Quite a bit. You need to be able to handle varying speeds (which your
current analysis fails to handle). You need to be able to handle
arbitrary partitions of the path (which your current analysis fails to
handle). Etc.

> I suppose there was never really any paradox, just a poorly formulated, needlessly complicated analysis -- a dead-end as it turned out.

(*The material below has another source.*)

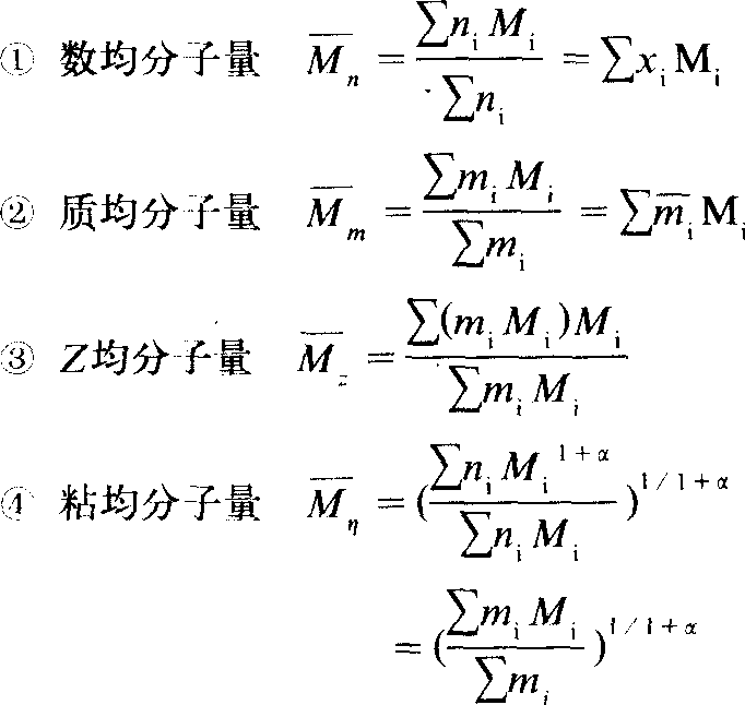 α——马克-豪温克粘度——分子量方程中的参数,数值在0.5~1.0之间。 用膜渗透压法可得数均分子量,用光散射法得质均分子量,用超速离心沉降平衡法得Z均分子量,用粘度法测定可得粘均分子量。在一般情况下,多分散高聚物的 ![]() |

Of course there wasn't really a paradox. The fact that there's a
resolution to it shows that. However, that "needlessly overly
complicated analysis" has to be made to work since all the steps before
the last one are valid. You still have some work to do to resolve it.

Martin Shobe

[Dan Christensen]

On Monday, May 12, 2014 8:36:36 PM UTC-4, Martin Shobe wrote:

> > Well said. But so what? The precise notion of speed, however it may have been arrived at historically, allows you to mathematically solve the problem of a faster runner overtaking a slower one in the above scenario. You can calculate when and where the event will happen. What more is to be said?
>
>
>
> Quite a bit. You need to be able to handle varying speeds (which your
>
> current analysis fails to handle). You need to be able to handle
>
> arbitrary partitions of the path (which your current analysis fails to
>
> handle). Etc.
>

Again, in the above scenario with constant speeds in a straight line, algebraic methods are best approach. It makes the resolution of Zeno's "paradox" accessible to students in a pre-calculus course. Typically, it is resolved -- even in this simplified scenario -- with a converging series.

>
>
> > I suppose there was never really any paradox, just a poorly formulated, needlessly complicated analysis -- a dead-end as it turned out.
>
>
>
> Of course there wasn't really a paradox. The fact that there's a
>
> resolution to it shows that. However, that "needlessly overly
>
> complicated analysis" has to be made to work since all the steps before
>
> the last one are valid.

No, it doesn't. This approach is a dead-end. The very fact that this analysis concludes that a faster runner cannot possibly overtake a slower one should tip you off to that. It's like some kind of prank on a gullible public.

[Dan Christensen]

I think you are missing the point. We want to determine the point at which the faster runner catches up to the slower one using simple algebra. There is no need to decompose the race into infinite, ever decreasing intervals as seems to be the usual approach.

[Chris M. Thomasson]

> "Dan Christensen" wrote in message

> news:0baaa820-35a9-4b4e...@googlegroups.com...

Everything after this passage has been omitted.